Saturday, 24 July 2010


I'm very lucky to live just a few feet from the two-mile-long sands of Portobello beach, and enjoy watching it's different moods at all times of year. Occasionally, on the rare occasion that the sun is out in a cloudless blue sky, it will be covered in day-trippers roasting themselves to a luminous lobster-shade of red while trying to keep the sand out of their sandwiches. Then there are the quieter days when it's only the dog walkers or beachcombers wandering along its length.

Today though was a bit more unusual. For the first time since the 70's Portobello held a rowing regatta. Teams from all over brought they're hand-made wooden crafts to take part, from as far afield as Eyemouth, Anstruther and Achiltibuie. Twenty teams in all took part with four rowers and a skipper on the tiller. Each one rowed out to a marker buoy and back, with four skiffs racing at once. It all became quite exciting and the crowds cheered enthusiastically as each team raced home.

There was a Portobello community boat entry, that had been built locally. Surrounding primary schools had a competition to name the completed skiff, which is called Icebreaker, which did pretty well on the day.
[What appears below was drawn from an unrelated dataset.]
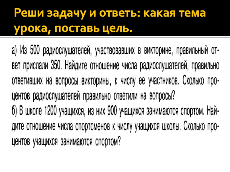Реши задачу и ответь: какая тема урока, поставь цель.

The Scottish Coastal Rowing Project supplied the design for the boat, which is a "St Ayles Skiff" and a local group called Row Porty built it for the community. A grant has been given to the group to build a second boat which anyone from the local community will be able to use.
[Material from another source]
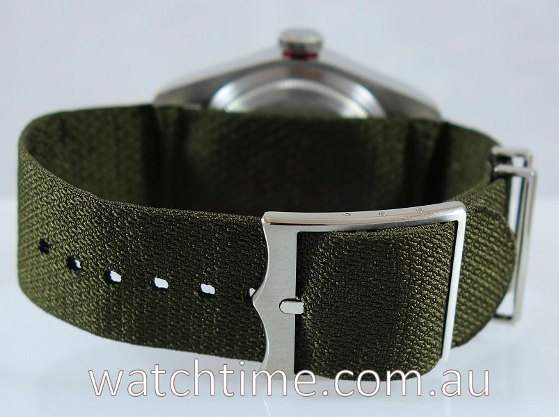 Brushed & polished Steel case with domed crystal. Screw-down “Big Crown” featuring the Tudor rose emblem and a coloured, anodized aluminium crown tube. Warm Burgundy rotating bezel.

The event was well supported and the activity centered around a local coffee shop called the Beach House, which last year had fenced off a large area adjacent in order to start up Portobello Sailing and Kayaking club. The regatta, run over two days, seems a natural extension of the club. It reminded me of the days when I ran a deli and coffee shop and over the summer we would have regular live jazz outside. It created a real community feeling and the regatta had pretty much the same feel about it today, with everyone smiling and chatting, and generally having a good time.

It is now their hope to run it every year. Judging by the attendance today, even under heavy laden steel-coloured skies, I'm pretty sure it will. And not a beach lobster in sight!